An Israeli commission apportions the blame for the Beirut massacre
After the Phalangists had left the camps, Red Cross personnel, many journalists and other persons entered, and it then became apparent that in the camps, and particularly in Shatila, civilians, including women and children, had been massacred. It was clear from the spectacle that presented itself that a considerable number of the killed had not been cut down in combat but had been murdered, and that no few acts of barbarism had also been perpetrated.
In this kind of careful, deliberate prose, Israel's official commission of inquiry described the dreadful events of the three days last September when Israelis allowed Lebanese Phalangist soldiers to enter the Sabra and Shatila Palestinian refugee camps in Beirut, where the Christian militiamen proceeded to murder between 700 and 800 Arabs. After four months of testimony and deliberation, the Israeli commission last week delivered its report on the Beirut massacre, and it proved to be a stinging indictment of Defense Minister Ariel Sharon and several military officials, concluding that they shared an "indirect" responsibility for what happened in the Beirut camps. The report assigned only a "certain degree" of blame to Prime Minister Menachem Begin, but it recommended that Sharon either resign or be dismissed. It was also highly critical of three top commanders and a military intelligence official who were involved in the Israeli occupation of West Beirut.
The report, described by the Jerusalem Post as a "political earthquake," set off shock waves throughout Israel and indeed throughout the world. It was hailed in the U.S. and Western Europe as a remarkable example of self-criticism by a democratic society. Said the New York Times: "How rare the nation that seeks salvation by revealing such shame." In France, Interior Minister Gaston Defferre remarked, "This report is the honor of Israel. It gives the world a new lesson in democracy." The Italian Communist paper L'Unita called the report "a turning point for Israel," while Italian Journalist Arrigo Levi wrote in La Stampa of Turin: "It would be difficult to find any other nation at war that would let itself be subject to such an open and hard self-criticism."

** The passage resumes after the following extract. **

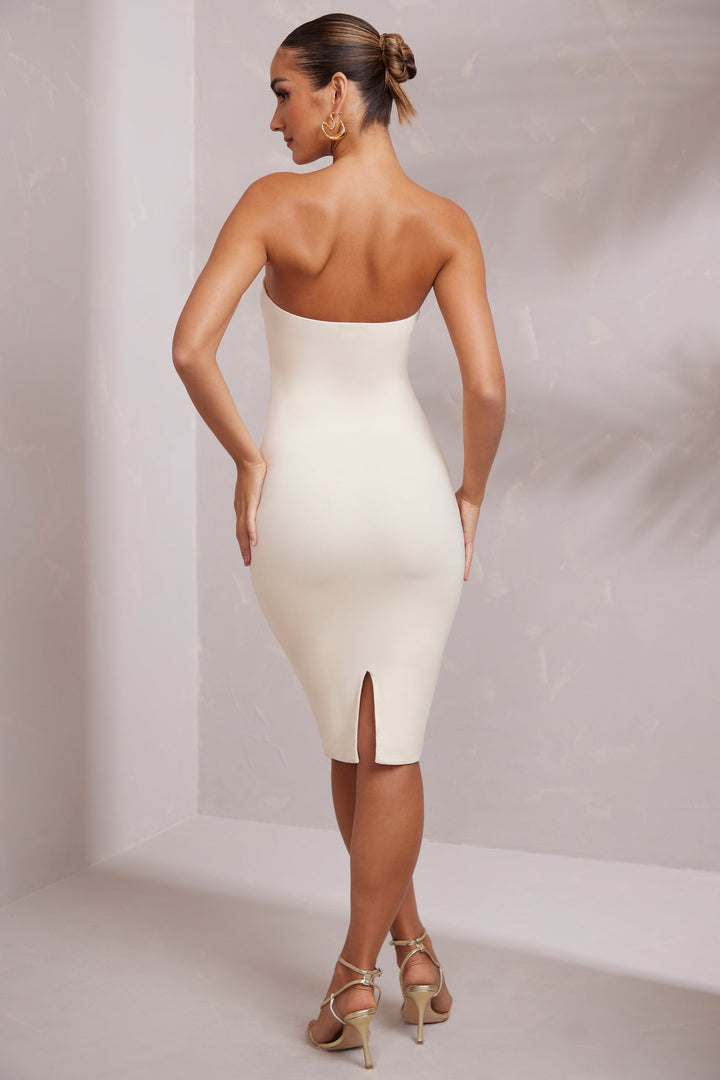 Fildişi Bandeau Midi Elbise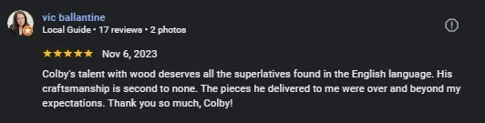 After some adjustments on the wood, Colby with all his talent gave birth to my project. A remarkably beautiful board with perfect finishes! My parents were really amazed at the work done.I was not the easiest customer I’m sure but, Colby took up the challenge by creating this unique and exceptional piece! So 1000 thanks for your work, your talent, and your patience! We can see your passion in each of your works.”

The U.S. cautiously avoided any public comment on the report. Said President Reagan: "I just don't think we should be commenting or injecting ourselves into that internal problem." Nonetheless, some Administration officials privately expressed hopes that the commission's findings could, by reducing Sharon's influence, lead to a lessening of the increasingly pernicious tension that has recently permeated U.S.-Israeli relations (see following story).